Today is Easter. Ostara was on thursday. The weather is being nice and staying warm. Aside from the school semester coming to a close, everyting is really good.

My sister flew in this morning and is currently in a van somewhere between the airport and my dorm. I'm glad she's coming. While the next week is going to be insanely hectic because of her, I don't have any hesitations.

I'm starting to slowly acquire the scent of sunscreen that summer inevitable bring.

The Sister just arrived.
so goodbye.

Friday, April 14, 2006

Forgotten

Who’s time did we borrow?
When I cut you out of my life, out of every hour and every second, every missed sunrise and waited for sunset, there wasn’t any time missing
How can my life still be complete?
I should be missing days at a time, entire memories and events should have been completely erased.
And while I don’t remember you, your lips on my skin, I’m missing nothing.
I have everything I started with and every thing I learned without you in between
I once thought I couldn’t live without you and now I can’t recall your name.

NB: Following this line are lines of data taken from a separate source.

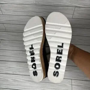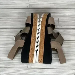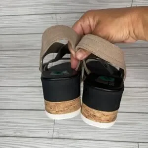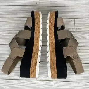 Sorel Cameron Platform Slingback Sandals Taupe Sea Salt Leather Women's Size 8
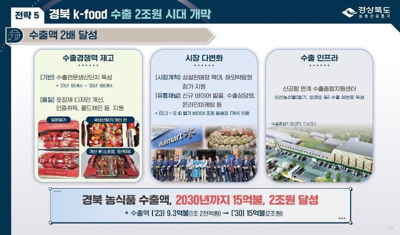 특히 2030년까지 농식품 수출 2조 원 달성을 목표로, 신선농산물과 가공식품의 해외시장 공략을 강화하며 산지유통조직 강화와 스마트 APC 25개소 건립을 통해 유통 전 과정을 디지털화해 유통비용 절감과 농가 소득 증대를 도모한다고 전했다.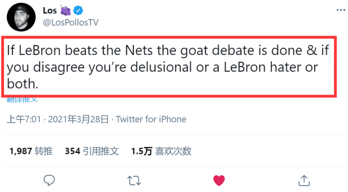“如果詹姆斯击败这支篮网,那么历史最佳的讨论就彻底可以结束了!如果你们不同意这个观点,你要么是神志不清,要么就是詹姆斯的黑粉!或者两者都是。”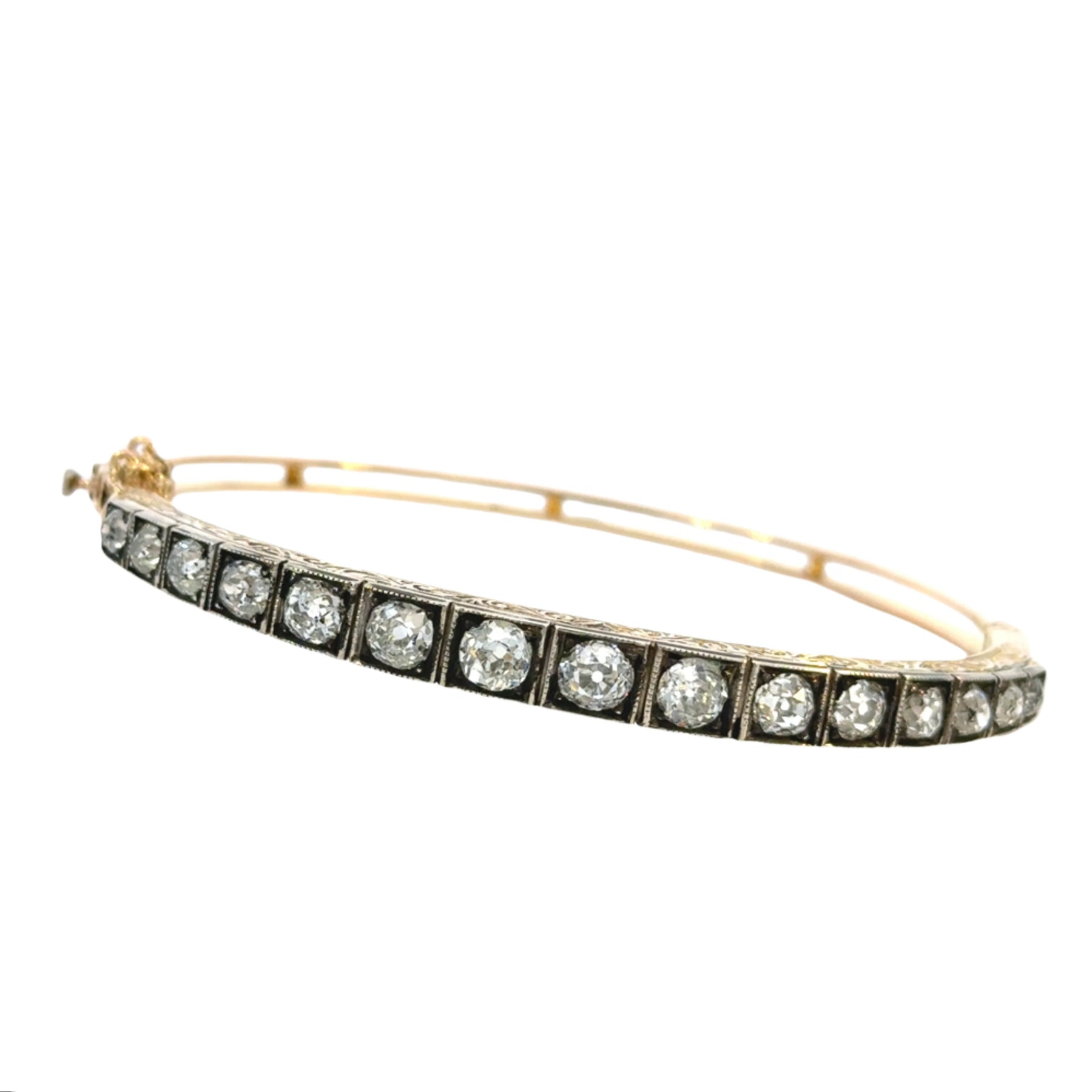 Upgrade your wrist game with our Vintage Diamond Bangle from the Magnolia Collection. Crafted from 15k yellow gold and sterling silver, this bangle features 4 carats of sparkling diamonds. A timeless piece with a touch of modern elegance. Shine on, darling!

I wonder if someone else is missing time.
Did we steal it from them? Is it gone forever or just now been returned?
I hope they get it back and I hope it is filled with all the emotions I might have felt, but now can’t remember.
I hope they use it better then I did and if they ever lose it that they feel the loss.
Because its time I didn’t need, I just wasted it playing with you and now it doesn’t matter anyway.
The rest of this time is mine alone and I hope to full every un-definable piece of it so it bursts and overflows
And you, you have your own time.

Thursday, April 13, 2006

There is no beginning and no ending, but things keep changing and continuing. Life is not a circle, life is loops, that only slightly overlap when they double back, but they keep moving away and away and away and you have to run to keep up and just when you think you know where its going and you're almost on top of it, the direction changes and your behind again.

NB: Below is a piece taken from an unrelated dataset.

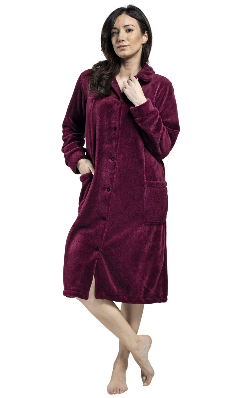 8602bb_ M_BurdeosLa Bata Mujer Botones Lisa Coralina LIN es una prenda perfecta para el invierno 2025-2026, combinando estilo y confort. Fabricada en tejido de coralina, ofrece suavidad y retención de calor. Con un diseño elegante de botones al frente, incluye dos bolsillos prácticos. Ideal para el hogar, se ajusta a las tendencias de invierno y es perfecta para aquellas que buscan moda y funcionalidad en el descanso. Es un complemento ideal y un regalo excelente para disfrutar del frío con calidez y comodidad.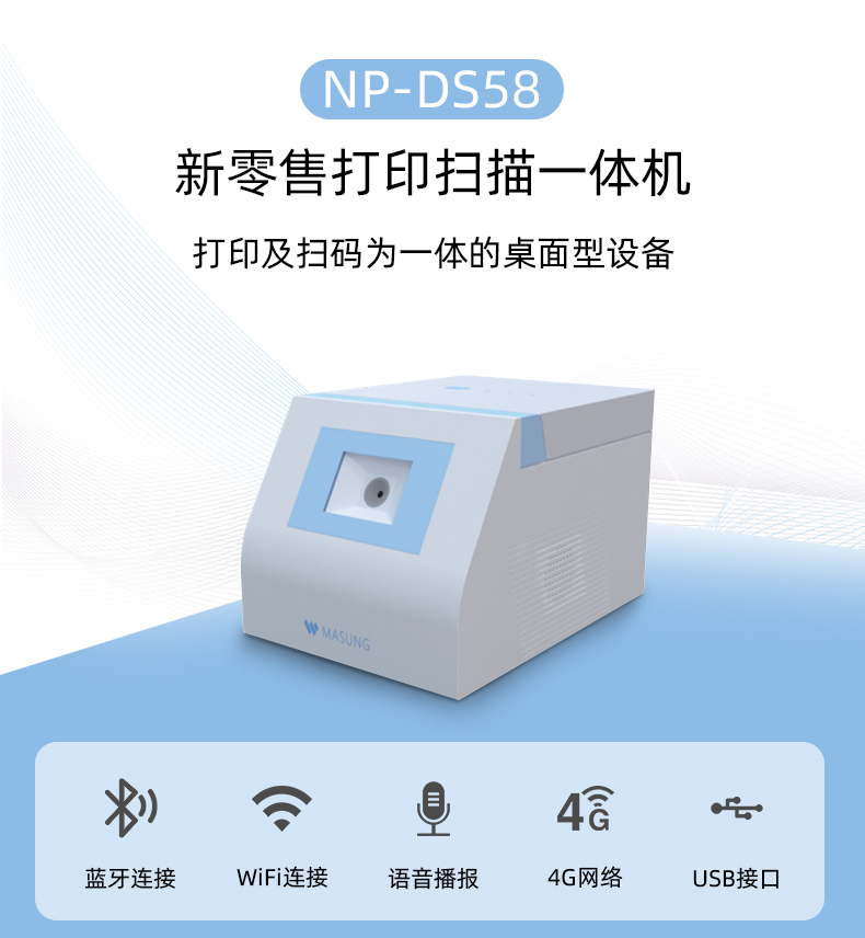 在新零售行業(yè)廣泛應(yīng)用的打印掃描一體機(jī)NP-DS58,同時(shí)兼顧打印和掃描兩種功能的一體式設(shè)備,具有藍(lán)牙連接和wiff連接等連接方式,帶有4G網(wǎng)絡(luò)接口,和USB接口連接,收銀掃碼都十分方便,帶有語(yǔ)音播報(bào)功能,更方便收銀結(jié)賬。

why do we keep playing this game? Not that I think there is a better way or an alternative, but still I will ask the unanswerable with the rest of the masses: why?

Will I ever find out?

Monday, April 10, 2006

A New Beginning

I don't think you ever really have a new beginning. The past clings in the deeps pores of my skin and I can't scrub it out. But I can deal with that and it you don't get too close you wont see it either. But sometimes people get close enough, i'm caught a little off guard, they sneek up on me and they see into my pores and they see all the blemishs and they don't know how to react and their habits change and they lose sleep and they give long lectures and I slowly back away. I try to refocus myself in their lense, but they are stuck on those blemishes and they just want to fix them and I just want them to forget and its happened a million times and its aways the same. How do I tell someone in the beginning that it will end the way it always has? Will they really want to know? Will it really change anything? Why start again?

Needly to say I'm trying to ignore the past and the present which seem to have rolled themselves into one and I see every boy and man who has ever tried to love my before my eyes in the same person. And its a little different because we're both older, but you still don't understand and I still can't/ don't want to explain. Its just how I feel there isn't an explanation. I've never had words to explain this and you tell me its not normal and that doesn't help.

But this time you said it too. You voiced my problem. Before it was only a whisper in my brain, a thought dancing across my synapses easily enough brushed aside. You're right. I can't love. I never have been able to. At least not romantically. I believe I love my parents and my sister, but that's different isn't it? That's not the kind of love you want. I don't have passion for people. My eyes don't light up when I see you. I don't scream when I want to touch you so badly it hurts - well, that's what I'm told its supposed to be like. I like planners and schedules and organized pages. Those make my eyes light up. Maybe sometime is wrong, but its never been different.

I hardest part is when you realize I can't love you back with the same intensity that you love me. I can feel the pain behind every glance and every accidental touch. You can't kiss me anymore. You can barely say good morning. I'll stop spending the night. My draw will slowly empty. You'll stop seeing me at work. I'm looking for a new job anyway. Soon you'll through my toothbrush away. I won't be able to use it from across the country, I'll have bought a new one. Then one day you'll open my draw - just to look - and see that ring you gave me, the one I wear around my neck. But it will be alone. The chain - which was mine - won't even be there. So you'll take the ring out and put it on your desk. You bought new boxers and they don't fit in the other drawer. That's when I'm gone. An ocean away. Don't let me fill your thoughts. You'll only be another shadow in mine.

I won't give you this blog address. I don't want you to read this and know the end yet. If that's where you left this fall to.